**RECORDS PROVIDED**:

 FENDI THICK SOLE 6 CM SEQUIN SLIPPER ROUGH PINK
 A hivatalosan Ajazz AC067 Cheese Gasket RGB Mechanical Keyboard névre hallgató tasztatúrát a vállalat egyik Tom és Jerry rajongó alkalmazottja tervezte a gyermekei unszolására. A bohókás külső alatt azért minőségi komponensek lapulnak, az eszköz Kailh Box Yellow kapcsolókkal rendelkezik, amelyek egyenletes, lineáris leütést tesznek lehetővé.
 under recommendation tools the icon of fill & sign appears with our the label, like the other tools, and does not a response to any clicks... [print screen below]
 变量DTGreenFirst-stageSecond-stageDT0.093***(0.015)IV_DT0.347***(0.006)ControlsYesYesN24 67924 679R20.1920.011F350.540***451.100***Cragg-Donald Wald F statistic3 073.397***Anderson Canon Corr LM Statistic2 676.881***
---
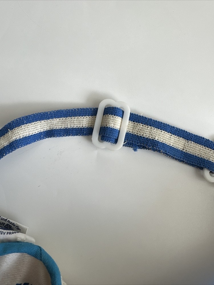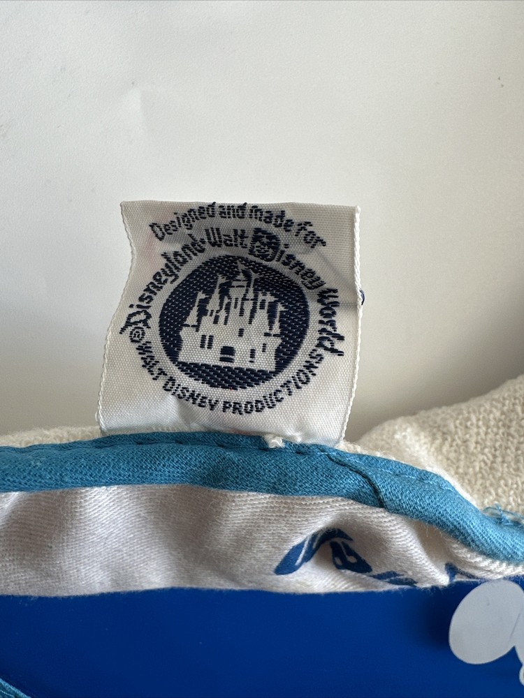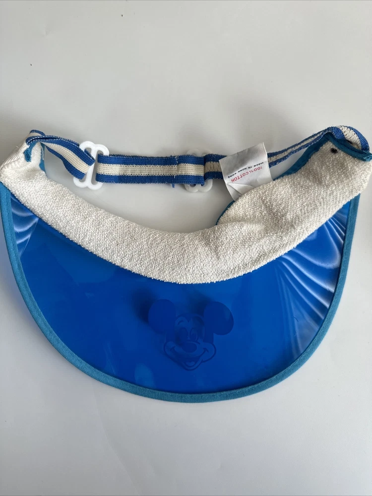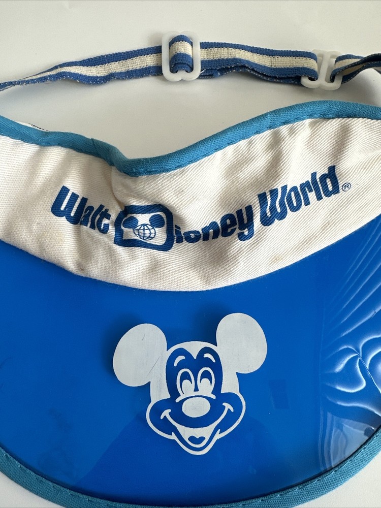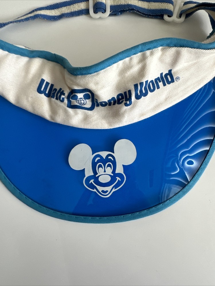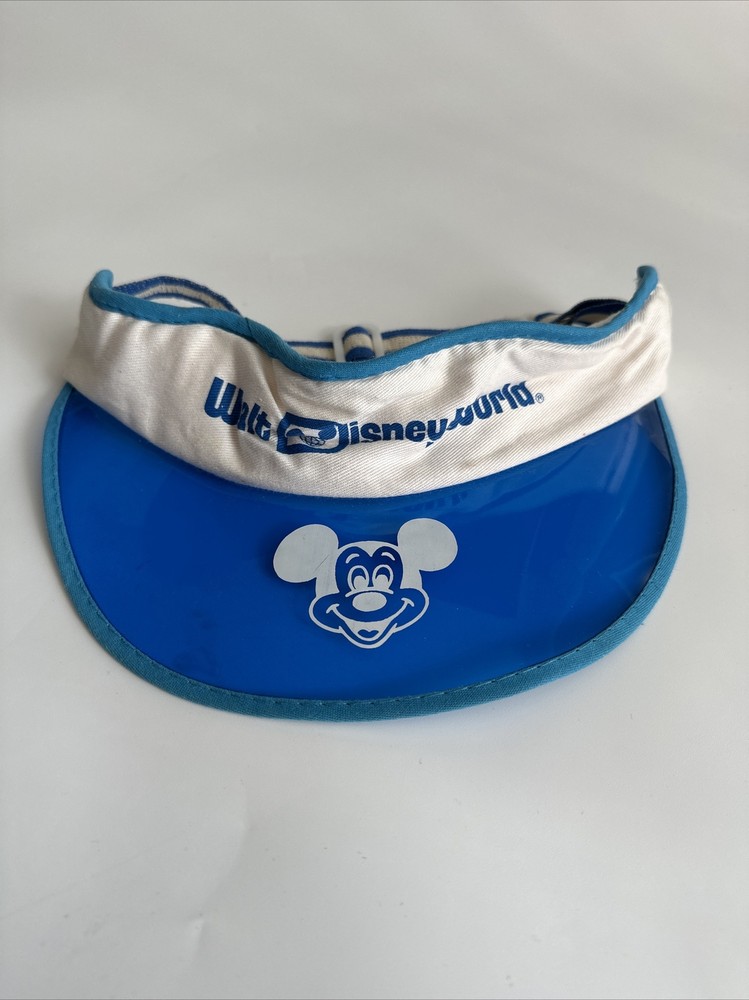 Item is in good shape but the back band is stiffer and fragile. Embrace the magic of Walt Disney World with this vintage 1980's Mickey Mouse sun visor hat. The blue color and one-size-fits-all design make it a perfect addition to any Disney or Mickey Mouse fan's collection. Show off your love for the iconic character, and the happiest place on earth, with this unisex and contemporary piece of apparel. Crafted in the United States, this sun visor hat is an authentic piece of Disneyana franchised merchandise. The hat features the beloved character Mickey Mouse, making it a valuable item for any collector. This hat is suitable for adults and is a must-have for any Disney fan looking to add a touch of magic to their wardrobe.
==
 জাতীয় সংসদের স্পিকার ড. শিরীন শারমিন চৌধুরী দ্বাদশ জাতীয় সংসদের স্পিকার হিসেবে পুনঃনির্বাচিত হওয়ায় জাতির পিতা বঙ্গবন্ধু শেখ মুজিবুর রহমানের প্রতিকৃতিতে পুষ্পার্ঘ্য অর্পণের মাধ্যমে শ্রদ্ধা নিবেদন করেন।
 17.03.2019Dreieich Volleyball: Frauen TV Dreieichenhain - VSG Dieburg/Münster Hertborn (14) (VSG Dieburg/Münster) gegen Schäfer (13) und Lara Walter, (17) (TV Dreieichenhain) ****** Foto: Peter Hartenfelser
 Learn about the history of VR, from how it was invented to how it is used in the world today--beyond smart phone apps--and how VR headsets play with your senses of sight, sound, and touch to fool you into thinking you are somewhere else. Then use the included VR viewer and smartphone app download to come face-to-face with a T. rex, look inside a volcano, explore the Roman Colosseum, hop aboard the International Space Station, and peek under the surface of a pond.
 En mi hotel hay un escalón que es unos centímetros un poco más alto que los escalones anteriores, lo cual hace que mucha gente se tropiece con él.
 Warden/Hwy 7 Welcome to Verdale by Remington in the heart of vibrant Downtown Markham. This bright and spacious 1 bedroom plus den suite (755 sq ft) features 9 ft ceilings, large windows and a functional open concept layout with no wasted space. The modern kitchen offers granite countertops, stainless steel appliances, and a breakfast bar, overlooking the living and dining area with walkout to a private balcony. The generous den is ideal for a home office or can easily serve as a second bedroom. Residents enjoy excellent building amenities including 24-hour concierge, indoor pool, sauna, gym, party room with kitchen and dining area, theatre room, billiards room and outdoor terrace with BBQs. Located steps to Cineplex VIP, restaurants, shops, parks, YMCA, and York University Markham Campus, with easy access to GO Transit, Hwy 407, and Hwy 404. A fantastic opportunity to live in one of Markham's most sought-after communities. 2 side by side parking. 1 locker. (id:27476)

**WHAT THE EXERCISE ASKS**: Using the records above, restate word for word the lines from the one with "under recommendation tools" through the one with "LM Statistic2 676.881***", both included.

**EXERCISE SOLUTION**:
 under recommendation tools the icon of fill & sign appears with our the label, like the other tools, and does not a response to any clicks... [print screen below]
 变量DTGreenFirst-stageSecond-stageDT0.093***(0.015)IV_DT0.347***(0.006)ControlsYesYesN24 67924 679R20.1920.011F350.540***451.100***Cragg-Donald Wald F statistic3 073.397***Anderson Canon Corr LM Statistic2 676.881***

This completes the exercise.